**What you have to do:**
All of the data below should be printed again word for word, pictures excluded.

**Information provided:**
******************************
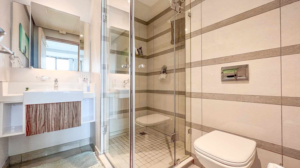 The en-suite bathroom adds a touch of luxury, featuring a modern shower that offers a refreshing escape. With its sleek design and well-thought-out fixtures, this bathroom provides both functionality and style, ensuring your daily routines are both comfortable and efficient.
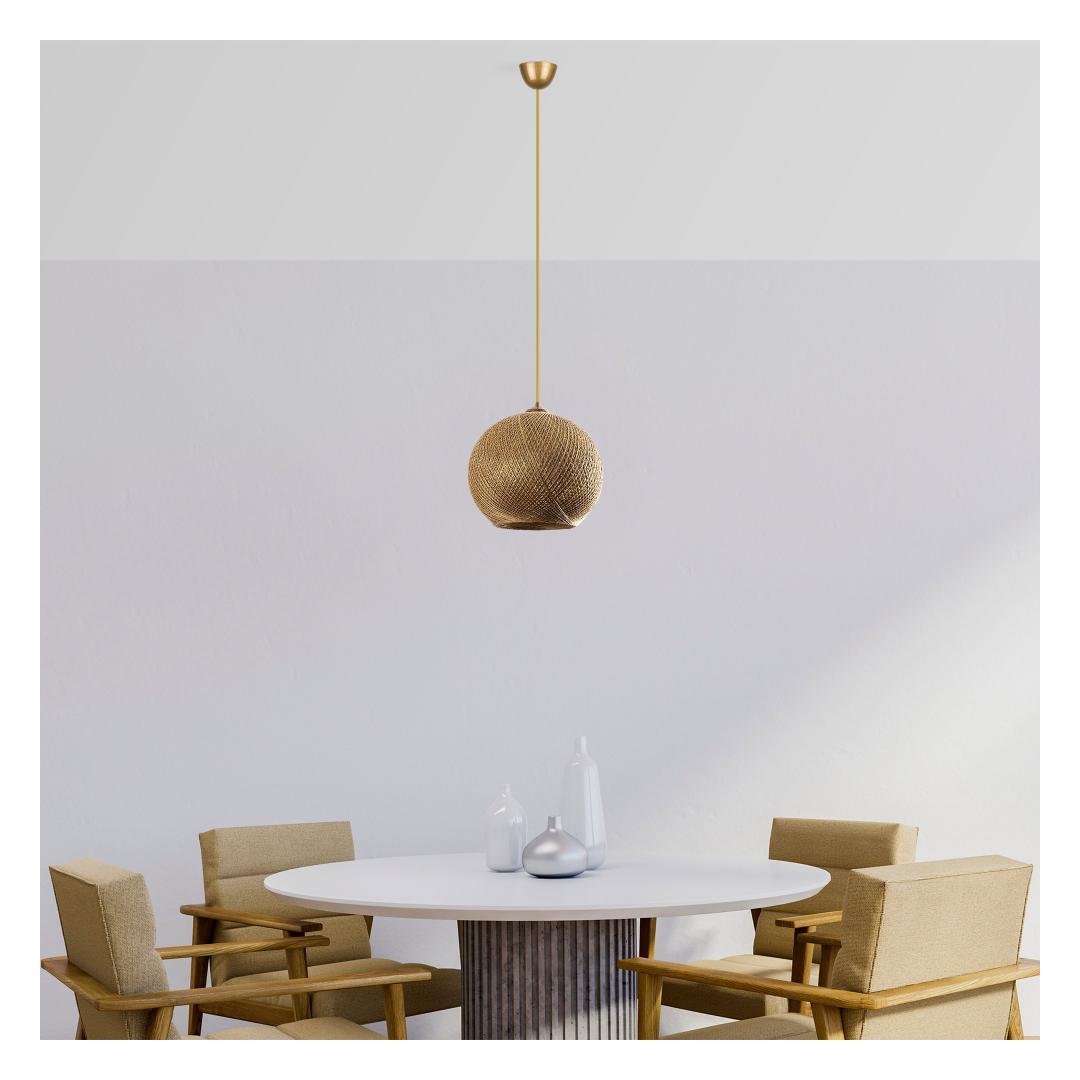 Make a statement with this unique and stylish chandelier that will instantly elevate your home decor. The handmade jute design adds a touch of rustic charm while the gold accents bring a touch of luxury to any room. Whether you hang it in your living room, dining room, or bedroom, this chandelier is sure to be the focal point of your space.
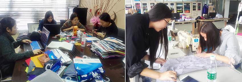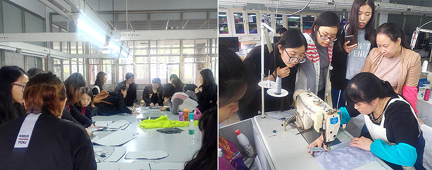 近五天的實習日程安排非常緊湊充實。學生們與工廠職工一起吃住一同上班,全方位參觀了服裝工廠的各個車間和科室,觀摩了流水線服裝生產的制作流程和現代化管理模式,并且觀察收集了戶外運動裝的特殊面輔料的應用,以及特殊工藝要求下的服裝機械的用法。不僅如此,在短短的實習中,學生們還進行了實際上機操作,以小組的形式協作完成了運動裝樣衣的制作。通過親身制作體驗,進一步夯實學生內容。樣衣制作時,學生們邊學邊做,遇到不會的地方就及時到流水線去向有經驗的職工請教取經,技術科的工人姐姐也非常樂意地來示范解惑。
******************************
**Answer box:**
 The en-suite bathroom adds a touch of luxury, featuring a modern shower that offers a refreshing escape. With its sleek design and well-thought-out fixtures, this bathroom provides both functionality and style, ensuring your daily routines are both comfortable and efficient.
 Make a statement with this unique and stylish chandelier that will instantly elevate your home decor. The handmade jute design adds a touch of rustic charm while the gold accents bring a touch of luxury to any room. Whether you hang it in your living room, dining room, or bedroom, this chandelier is sure to be the focal point of your space.
 近五天的實習日程安排非常緊湊充實。學生們與工廠職工一起吃住一同上班,全方位參觀了服裝工廠的各個車間和科室,觀摩了流水線服裝生產的制作流程和現代化管理模式,并且觀察收集了戶外運動裝的特殊面輔料的應用,以及特殊工藝要求下的服裝機械的用法。不僅如此,在短短的實習中,學生們還進行了實際上機操作,以小組的形式協作完成了運動裝樣衣的制作。通過親身制作體驗,進一步夯實學生內容。樣衣制作時,學生們邊學邊做,遇到不會的地方就及時到流水線去向有經驗的職工請教取經,技術科的工人姐姐也非常樂意地來示范解惑。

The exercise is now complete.